I don't mind corn at all, actually many a show fancier has purposely fed a diet with corn to put coat on their dog, it always works, it did for me when I was showing Emma. I bit of Blackwood 2000 and yep, glorious coat. None of my dogs have ever, ever, had a problem with corn. They have had problems with sorghum, wheat, barley and rye. My GSDs had an awful reaction to sorghum (I don't have anything against the grain it just didn't work for my dogs) They also do terrible on anything with wheat in it..again I don't dislike it, I just avoid it. I also had a gluten intolerant Sheltie who could not have wheat, rye or barley and I would look for corn or rice grains for him... he glowed after we figured this out. Grains are grains...this whole "corn is horrible" thing should have died a long time ago with the "beet pulp is an artificial stool hardener" bit. The "beet pulp is sugar" bit I find humorous....sorry. These things are just not accurate.

I will not even start with the menadione thing, that deserves it's own thread...


----------



## LilasMom (Mar 10, 2012)

There are better ways to make a dog healthier than feeding it a low quality genetically modified vegetable.

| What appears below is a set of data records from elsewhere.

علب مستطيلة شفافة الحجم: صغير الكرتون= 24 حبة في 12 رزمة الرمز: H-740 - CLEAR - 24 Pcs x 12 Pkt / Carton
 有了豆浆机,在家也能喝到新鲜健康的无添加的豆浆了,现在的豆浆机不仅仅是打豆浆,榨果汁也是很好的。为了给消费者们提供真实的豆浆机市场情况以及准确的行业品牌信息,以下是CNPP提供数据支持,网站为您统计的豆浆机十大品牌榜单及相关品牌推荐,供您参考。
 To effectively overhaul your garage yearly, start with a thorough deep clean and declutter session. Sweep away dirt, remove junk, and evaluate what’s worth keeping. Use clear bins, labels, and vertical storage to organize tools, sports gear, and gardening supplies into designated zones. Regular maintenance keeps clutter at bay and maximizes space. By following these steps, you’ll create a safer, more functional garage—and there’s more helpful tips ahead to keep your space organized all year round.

I wouldn't eat it so why should my dog? Grains are just grains, but I don't believe ANY grains should be in a dogs diet. The closer one can get to a 100% meat kibble or raw diet, the better. 

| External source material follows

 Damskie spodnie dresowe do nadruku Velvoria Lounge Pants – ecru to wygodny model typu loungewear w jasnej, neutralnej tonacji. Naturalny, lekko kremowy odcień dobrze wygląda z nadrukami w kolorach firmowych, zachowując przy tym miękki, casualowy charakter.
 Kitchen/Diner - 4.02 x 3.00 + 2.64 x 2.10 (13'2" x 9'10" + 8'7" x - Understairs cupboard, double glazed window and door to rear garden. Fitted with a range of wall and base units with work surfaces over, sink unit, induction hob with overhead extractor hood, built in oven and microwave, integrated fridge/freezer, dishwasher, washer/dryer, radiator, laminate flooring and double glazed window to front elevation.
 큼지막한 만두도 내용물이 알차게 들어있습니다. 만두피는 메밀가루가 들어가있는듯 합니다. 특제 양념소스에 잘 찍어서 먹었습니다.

What do you mean about the menadione? I can't tell if you are for it or against it.


----------



## Kibblelady (Jul 13, 2012)

LilasMom said:


> There are better ways to make a dog healthier than feeding it a low quality genetically modified vegetable. I wouldn't eat it so why should my dog? Grains are just grains, but I don't believe ANY grains should be in a dogs diet. The closer one can get to a 100% meat kibble or raw diet, the better.
> 
> What do you mean about the menadione? I can't tell if you are for it or against it.


How can you possibly tell the quality of a corn ingredient from the bag? .

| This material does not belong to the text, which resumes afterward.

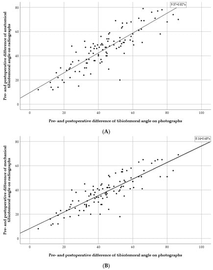 Scatter plots of pre- and postoperative differences of the tibiofemoral angle measured on radiographs and photographs. (A) Anatomical tibiofemoral angle and photographs. (B) Mechanical tibiofemoral angle and photographs.

Menadione? I am neither for nor against, it doesn't bother me at all.


----------



## LilasMom (Mar 10, 2012)

Kibblelady said:


> How can you possibly tell the quality of a corn ingredient from the bag? .
> 
> Menadione? I am neither for nor against, it doesn't bother me at all.


Most of the corn in the US is genetically modified, and if a brand is using corn that means it is already in the mid to low quality range of food. I doubt a company that uses corn in their food is going to spend the extra money to make sure the corn is organic and non-GMO. 

Well menadione bothers me due to the fact it is an unnatural chemical that has been linked to liver issues. I am definitely against that.


----------



## RedneckCowgirl (Oct 28, 2011)

Kibblelady said:


> How can you possibly tell the quality of a corn ingredient from the bag? .


Any grain puts excessive strain on the pancreas, as dogs do not produce the enzymes in their saliva that we do to produce grains, thus their pancreas has to.


----------



## SaharaNight Boxers (Jun 28, 2011)

Kibblelady said:


> I don't mind corn at all, actually many a show fancier has purposely fed a diet with corn to put coat on their dog, it always works, it did for me when I was showing Emma.


And then they report having a greasy cost problem and go to salmon, flaxseed, or coconut oil. Or some other. Long hair can hide those kind of things, short hair does not.


----------



## DaViking (Sep 27, 2011)

LilasMom said:


> and if a brand is using corn that means it is already in the mid to low quality range of food.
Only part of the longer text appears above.